At this point the initial data is tidy. Each variable (airline, city, delayed, ontime) is in its own column and each observation is in its own row.
# Tidy up data, so that every variable is in a column and every observation is in a row
flights <- rename(flights, airline = ï..airline)
flights <- flights %>%
gather(city, number, 3:length(flights)) %>% # Transfer 'city' variable into a column
spread(status, number) # Split 'delayed'/'on time' variables into 2 columns
# Adjust city names (get rid of a period)
flights$city <- str_replace_all(flights$city, "\\.", " ")
# Remove space in the 'on time' variable name
flights <- rename(flights, ontime = `on time`)
flights
## airline city delayed ontime
## 1 ALASKA Los Angeles 62 497
## 2 ALASKA Phoenix 12 221
## 3 ALASKA San Diego 20 212
## 4 ALASKA San Francisco 102 503
## 5 ALASKA Seattle 305 1841
## 6 AMWEST Los Angeles 117 694
## 7 AMWEST Phoenix 415 4840
## 8 AMWEST San Diego 65 383
## 9 AMWEST San Francisco 129 320
## 10 AMWEST Seattle 61 201
DATA ANALYSIS
Getting the ratio of delayed flights for all airlines and cities. We’ll sort the data by delay starting with the worst airline/city.
flights <- flights %>%
mutate(flights = delayed + ontime, delayed_ratio = delayed / flights) %>%
arrange(desc(delayed_ratio))
flights
## airline city delayed ontime flights delayed_ratio
## 1 AMWEST San Francisco 129 320 449 0.28730512
## 2 AMWEST Seattle 61 201 262 0.23282443
## 3 ALASKA San Francisco 102 503 605 0.16859504
## 4 AMWEST San Diego 65 383 448 0.14508929
## 5 AMWEST Los Angeles 117 694 811 0.14426634
## 6 ALASKA Seattle 305 1841 2146 0.14212488
## 7 ALASKA Los Angeles 62 497 559 0.11091234
## 8 ALASKA San Diego 20 212 232 0.08620690
## 9 AMWEST Phoenix 415 4840 5255 0.07897241
## 10 ALASKA Phoenix 12 221 233 0.05150215
Let us look compare how delays compare against each other using various criteria.

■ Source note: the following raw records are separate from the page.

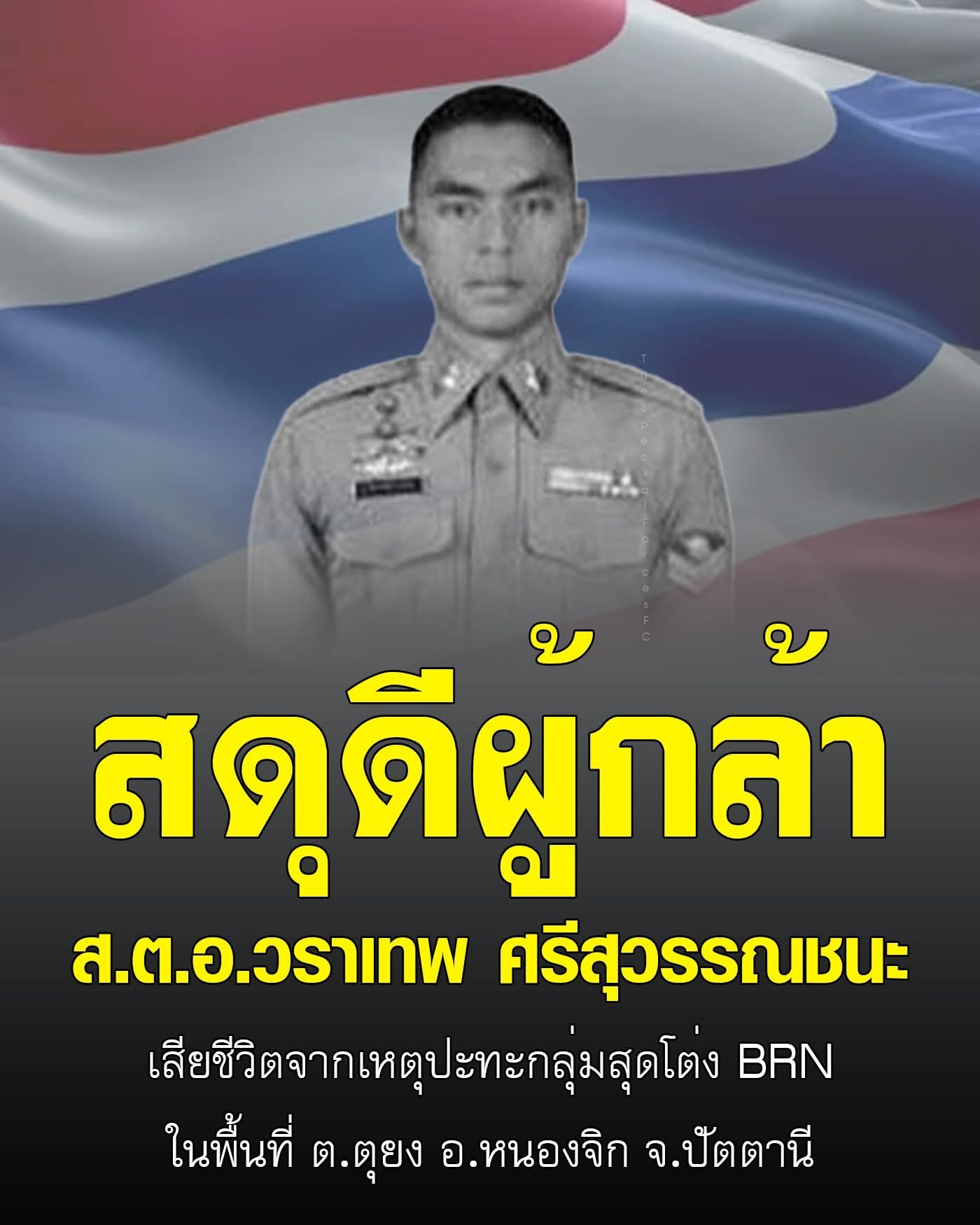 泰国第四内部安全行动指挥部(ISOC Region 4)发言人公布了在北大年府农芝县Tuyong街道6号村Ban Takong开展的执法行动结果。军方、警方和当地行政部门联合行动,对一处疑似藏匿叛乱分子的区域进行搜查。行动期间,警员试图与嫌疑人谈判,促成其和平投降,但嫌疑人开火,双方发生枪战。局势已得到控制,一名叛乱分子被击毙,身份核实为来自北大年府农芝县的34岁男子瓦阿里,并缴获一支M16步枪。调查显示此人涉嫌2016年至2023年间在北大年府发生的多起暴力袭击事件,已被通缉七次。 边防巡逻警察第43分局SOU分队长Warathep Srisuwanchana中士不幸面部中弹,后在北大年医院不治身亡。烽火问鼎计划武器装备军迷天地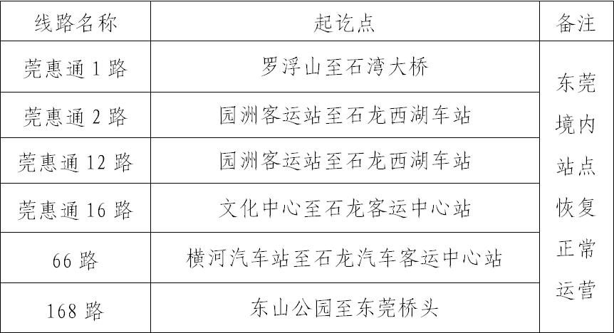 根據(jù)國(guó)家和省關(guān)于應(yīng)對(duì)新冠肺炎疫情分區(qū)分級(jí)防控的工作要求,自2022年1月5日零時(shí)起,東莞市大朗鎮(zhèn)長(zhǎng)塘社區(qū)長(zhǎng)塘花街二街(133號(hào)、143號(hào)、163號(hào))由中風(fēng)險(xiǎn)地區(qū)調(diào)整為低風(fēng)險(xiǎn)地區(qū)。調(diào)整后,東莞市全域均為低風(fēng)險(xiǎn)地區(qū)。根據(jù)縣防控辦有關(guān)要求,1月6日起,我縣前期受疫情影響停運(yùn)或調(diào)整的公交線路恢復(fù)正常運(yùn)營(yíng)。具體線路如下: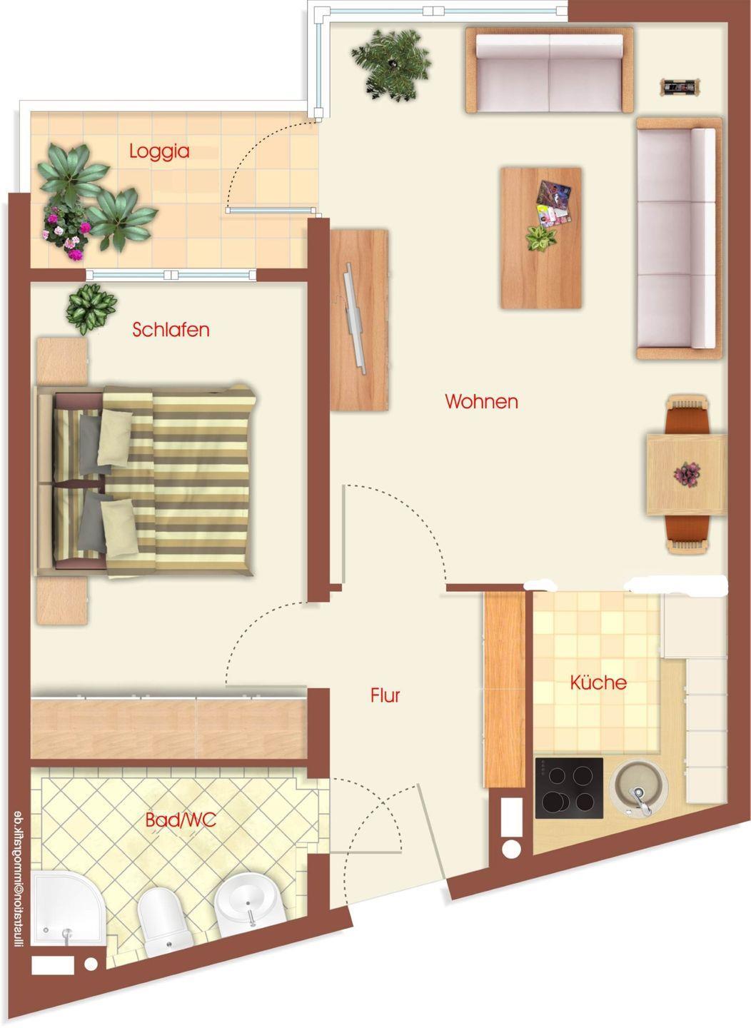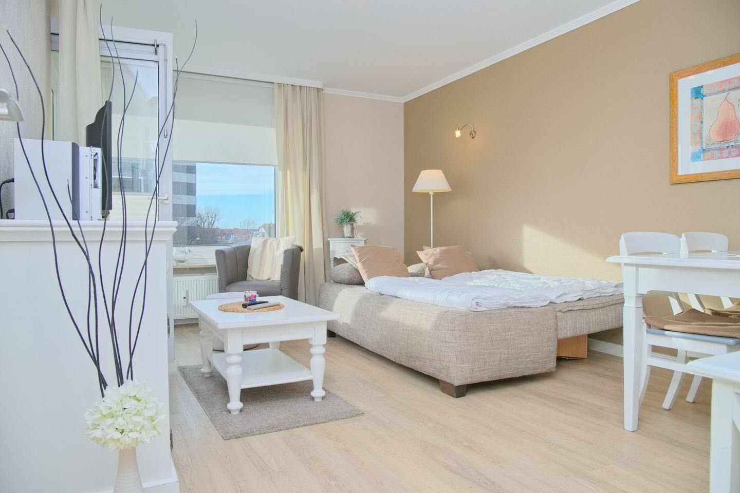 Diese ca. 48 m² große 2 Zimmer Ferienwohnung befindet sich in der 2. Etage des Hauses "Hanseat II".

# Average delay across all cities and airlines
flights %>% summarise(mean(delayed_ratio))
## mean(delayed_ratio)
## 1 0.1447799
delay_city <- flights %>%
group_by(city) %>%
summarise(avg_delay = mean(delayed_ratio)) %>%
arrange(desc(avg_delay))
delay_city
## # A tibble: 5 × 2
## city avg_delay
## <chr> <dbl>
## 1 San Francisco 0.22795008
## 2 Seattle 0.18747466
## 3 Los Angeles 0.12758934
## 4 San Diego 0.11564809
## 5 Phoenix 0.06523728
delay_airline <- flights %>%
group_by(airline) %>%
summarise(avg_delay = mean(delayed_ratio)) %>%
arrange(desc(avg_delay))
delay_airline
## # A tibble: 2 × 2
## airline avg_delay
## <fctr> <dbl>
## 1 AMWEST 0.1776915
## 2 ALASKA 0.1118683
Map delays per city and per airline.
library(ggplot2)
ggplot(flights, aes(x = city, y = delayed_ratio, group = airline, color = airline, shape = airline)) +
geom_point(aes(shape = airline)) +
geom_line() +
labs(x = "City", y = "Delay") +
theme(legend.title=element_blank())
Is important to note how the trends of delay matches the airport , knowing more data will help us determine why Alaska has bigger delay periods and then will be able to make corrective actions.